The article mentioned above does talk about a similar application - s3backer - which gets around the performance issues by implementing a virtual filesystem over S3. This gets around the performance issues but itself has a few issues of its own:

  • High risk for data corruption, due to the delayed writes
  • too small block sizes (e.g., the 4K default) can add significant extra costs (e.g., $130 for 50GB with 4K blocks worth of storage)
  • too large block sizes can add significant data transfer and storage fees.
  • memory usage can be prohibitive: by default it caches 1000 blocks.
    With the default 4K block size that's not an issue but most users
    will probably want to increase block size.

I resorted to EBS Mounted Drived shared from an EC2 instance. But you should know that although the most performant option it has one big problem An EBS Mounted NFS Share has its own problems - a single point of failure; if the machine that's sharing the EBS Volume goes down then you lose access on all machines which access the share.

This is a risk I was able to live with and was the option I chose in the end.

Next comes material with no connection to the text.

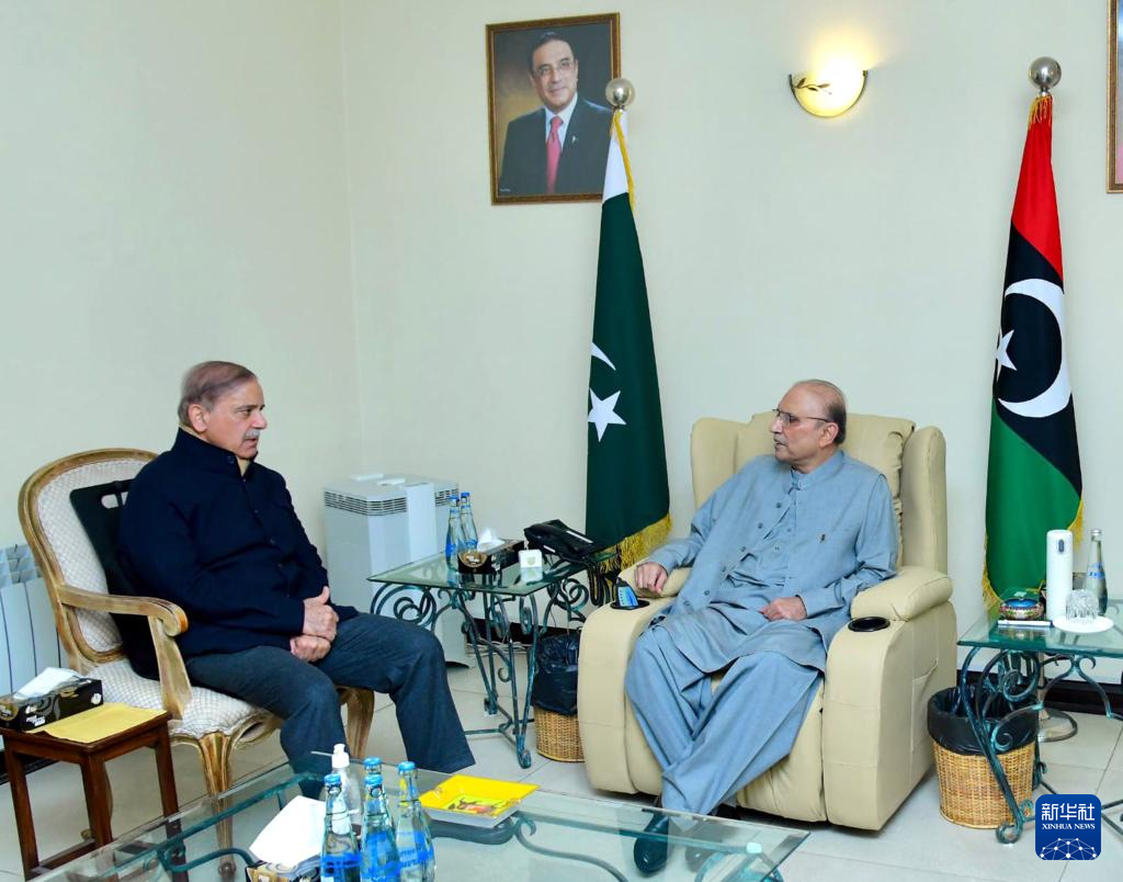 3月9日,在巴基斯坦首都伊斯兰堡,巴基斯坦总理夏巴兹·谢里夫(左)与当选总统扎尔达里会见。

Condole answered 30/5, 2012 at 16:41 Comment(5)
answering your question: "if you're doing this, then why not just use S3's API Directly?" I will use S3's API, but I need a quick solution where uploading my already-working-in-a-single-server app find using S3 transparent. I can't live with a single point of failure (EBS). Is it transparent for s3fs if S3 fails and another is automatically mounted by Amazon ? I'm not sure how that works...Sirrah
In that case I would probably just store it on the hard drive of the server in a temp folder. Otherwise you're effectively uploading to S3 twice!! Putting the file on an S3 based temp folder will take just as long as using the API to upload to S3 directlyCondole
what I mean is that in the near future I'll stop using s3fs and start using the S3 API; in the meantime i'll use s3fs to get the system running... thank you very much...Sirrah
There are people using google's gsutil to access S3 directly as well, and now there is efs.Prehensile
SFTP Gateway on the Amazon Web Services marketplace could be another option - aws.amazon.com/marketplace/pp/B072M8VY8M/…Perigordian
T
25

This is an old question so I'll share my experience over the past year with S3FS.

Initially, it had a number of bugs and memory leaks (I had a cron-job to restart it every 2 hours) but with the latest release 1.73 it's been very stable.

The best thing about S3FS is you have one less things to worry about and get some performance benefits for free.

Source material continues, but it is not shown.